ところが家来たちにしてみれば、これは全くの大納言の私事です。命懸けでどこにいるとも知れない竜を厳しい航海を経て探し出し、どんな罰が当たるとも知れないような神の使い、雨の恵みをもたらす竜を射殺して、その首にある珠を取ってこいと言うのです。別にこの珠を取ったからと言って朝廷からお褒めにあずかるわけでも、官職が与えられるわけでもありません。ただの大納言の自己満足に付き合わされるだけです。それどころか場合によっては神の使いに手をかけたと非難を浴びないとも限りません。

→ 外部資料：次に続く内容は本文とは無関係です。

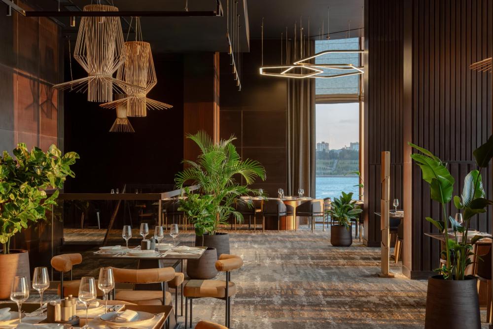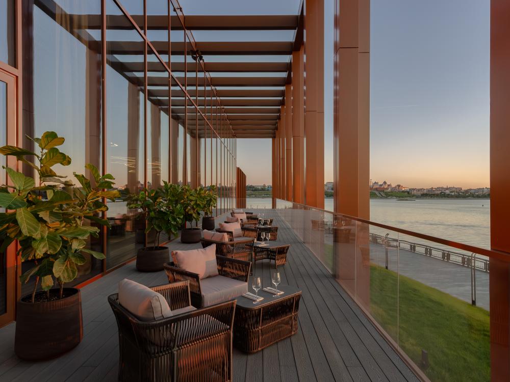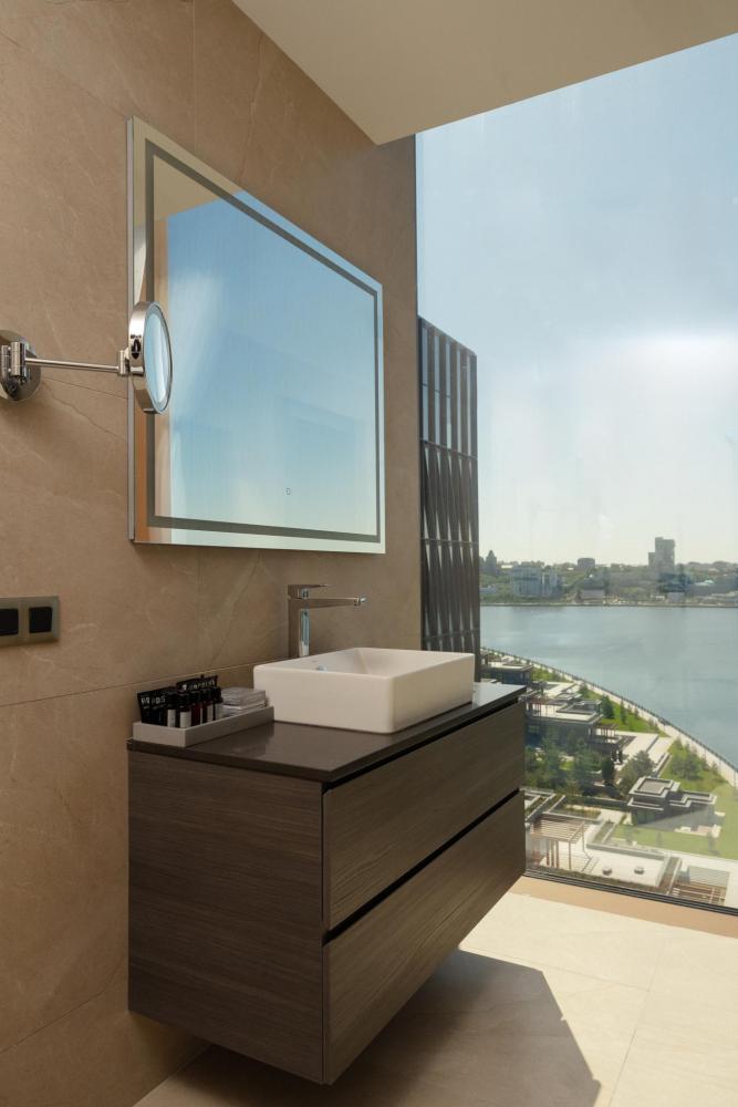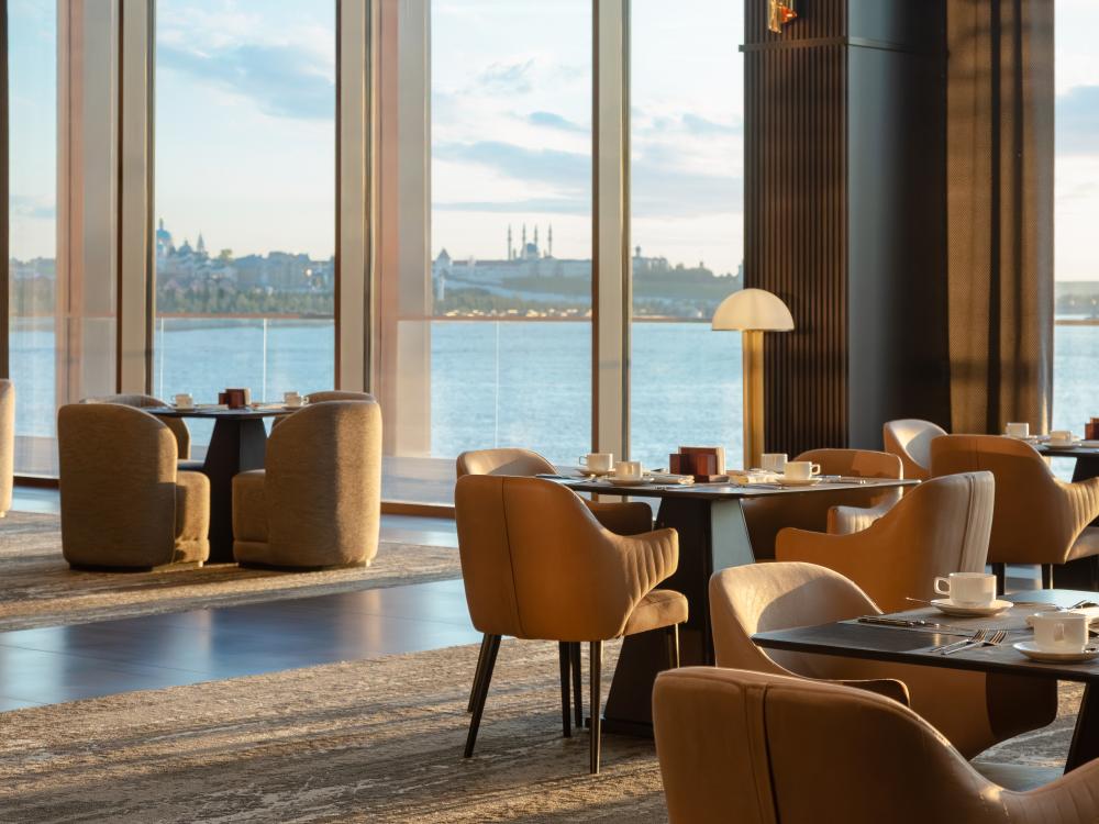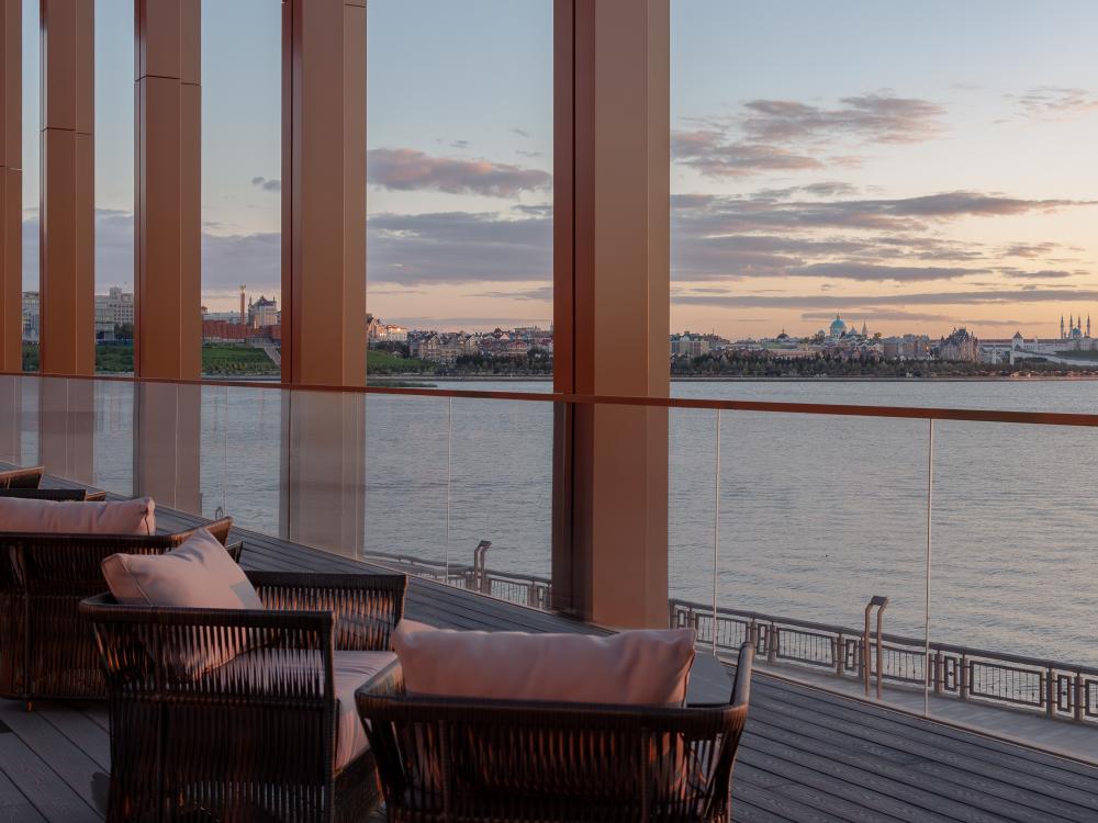 Светлый и просторный номер Джуниор Сюит Премьер 56 м2 создан для тех, кто живёт в ритме мегаполиса, но ценит комфорт и внимание к деталям. Кровать King Size с мягким изголовьем оборудована ортопедическим матрасом. В номере удобно поработать с ноутбуком, подготовиться к важной презентации или почитать книгу. Гардеробная зона скроет объем вещей, чтобы не отвлекать гостя от спокойного интерьера. Душевая зона с панорамными окнами создает особую атмосферу при принятии душа. Панорамные окна открывают захватывающие виды на живописную акваторию с величественным Кремлём на противоположном берегу. Полное оснащение для удобства гостей: высокоскоростной Wi-Fi для успешной работы, современная система климат-контроля, удобная рабочая зона, сейф для ценных вещей, современная ванная комната с премиальными косметическими принадлежностями, чайный уголок.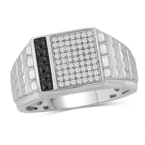 Black & White Diamond Rings for Men – 1/3 CTTW Genuine Black Diamond Ring for Men – Hypoallergenic Sterling Silver or 14K Gold over Silver Ring Men – Real Diamond Mens Rings Fashion Statement Ring – Luxurious Gifts for Him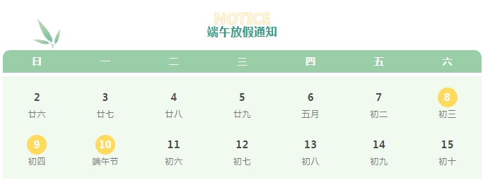 在2024年端午節(jié)來臨之際,根據(jù)《國務(wù)院辦公廳關(guān)于2024年部分節(jié)假日安排的通知》,結(jié)合公司實際工作情況, 假期為6月8日-10日端午節(jié)假期,6月10日(星期一)端午節(jié)當天放假,與周末相連,共3天,無需調(diào)休。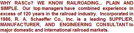 RASCO... PUTTING CUSTOMERS ON THE RIGHT TRACK... FROM THE START.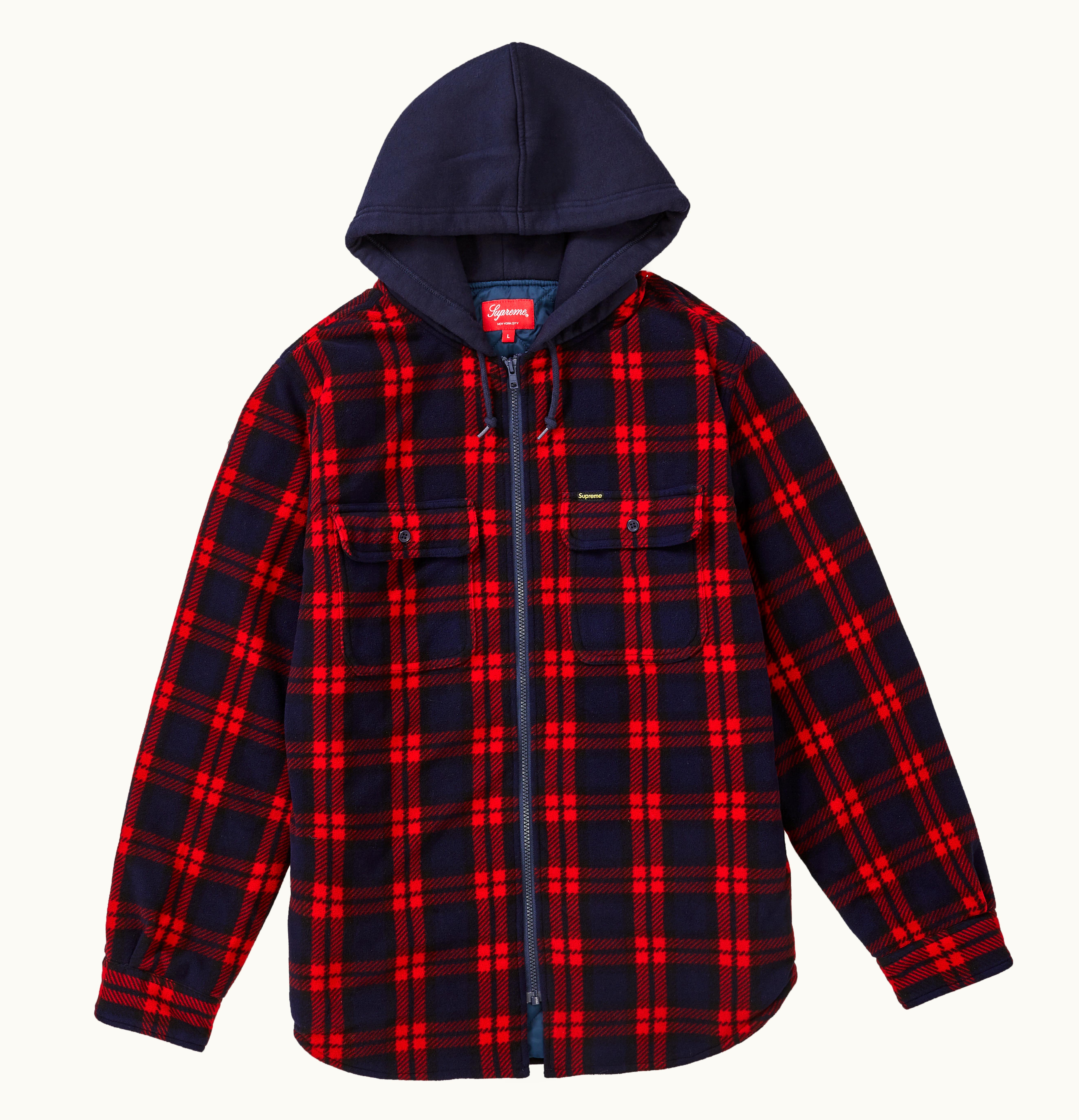 The Supreme Hooded Plaid Work Hooded Plaid Work is a fashionable and durable hoodie perfect for outdoor work or casual wear. Made of heavyweight cotton flannel material, it features a stylish plaid pattern with a contrasting Supreme logo in the center of the chest. The hoodie also has a removable hood, adjustable cuffs, and a front pocket for added convenience. Its comfortable fit and high-quality construction make it a long-lasting addition to any wardrobe.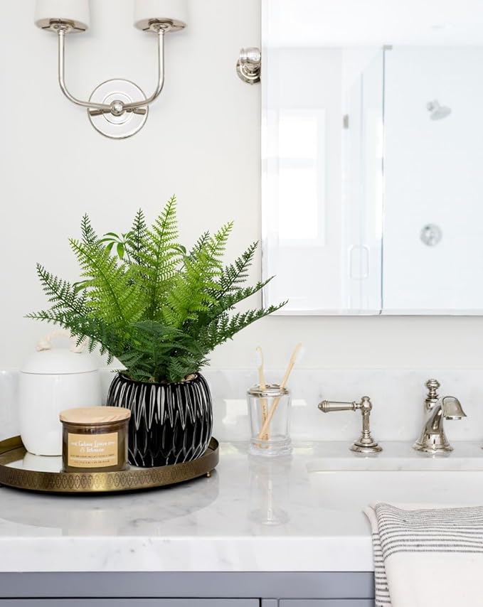 DILATATA Faux Plant Indoor in Ceramic Pot 13" Artificial Potted Fern Fake House Plants for Desk Office Bathroom Garden Decoration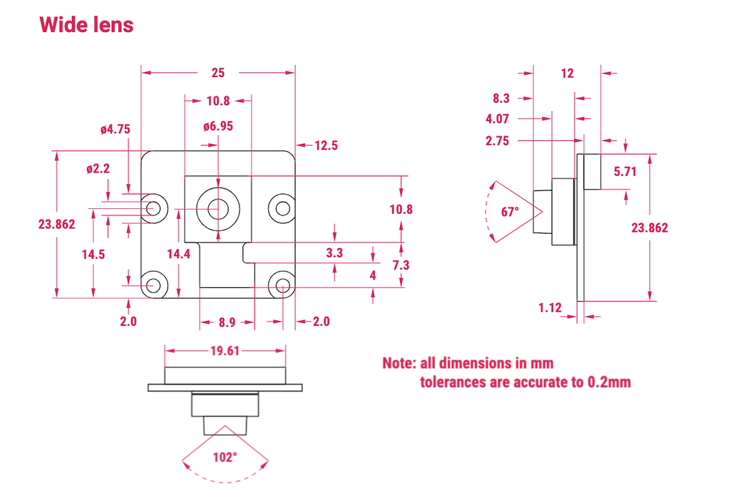 Raspberry Pi Camera Module 3 có hai phiên bản: góc tiêu chuẩn (Standard) 75° và góc rộng (Wide) 120°, mỗi loại đều có phiên bản có hoặc không có bộ lọc hồng ngoại (NoIR).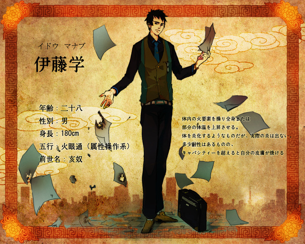イドウマナブ■議員の公設秘書。成金一族生まれボンボン。表面は友好的だが本性は頭の悪い者や社会地位が無い者が大嫌いで、今回の夢は選ばれなかった劣勢者を一掃する天の意思だと思い込んでいる。腐った世界を塗り替えて新世界の神に以下略。常に見下す姿勢■「情に溺れる様が愚か」と前世【亥奴】は否定しているが、夢は毎日見る。その度性格操作されている様な錯覚を起こし嫌悪感を大きく抱いている。【能力】焼きゴテ人間。温度/時間の限度は100度/5分から反比例。超えると自分の体に支障がでる

ですから家来たちはそんな愚を犯す気はさらさらありませんでした。いくら家来は命懸けで主人に尽くす物と言っても、頼んで良い事と悪い事があると思っているのでしょう。
大納言の方でも、本当は無茶な命令を出したことが分かっています。だからこそ、自分のありったけの手持ちの資金を家来たちに与えました。強気な事を言っていても内心は、
「なあ、これだけの物を与えるんだから、なんとか一つ頼むよ」
と言っている様な物なのでしょう。家来たちはそこを見抜いてしまっています。主人の甘え心に付き合ってなどいられないと、ちゃっかり資金だけは勝手に分け合って、皆好き勝手な所へと姿をくらましてしまいました。
しかも肝心の本人は家来に無理な注文をして、言葉では身を清めて待つと言っておきながら、もうかぐや姫は自分の物になると決めてかかって絢爛豪華な邸を建造し、今いる妻たちまでも、みんな別れてしまいました。
当時は一夫多妻の時代ですから、妻は何人でも持つことができます。この人も貴族らしく、それなりの数の妻がいたのでしょう。けれど誰にも手に入れられないと言われるかぐや姫を手にさえできれば、もう他の妻など用はないとばかりに、一方的に離婚したようです。こんな所からも当時の女性の立場がどんなものであるのかが、よくわかります。
けれど肝心の家来たちからは何の音沙汰もありません。さすがに不安になった大納言は、難波の港で家来が竜を探しに行ったかどうか尋ね回りますが、そんな話は聞こえて来ず、逆に舟人に笑われてしまいました。大納言はすっかりムキになって、とうとう自分自身がその場の勢いだけで、無謀にもたった二人の舎人(末端の兵士)だけ連れて、船出してしまいました。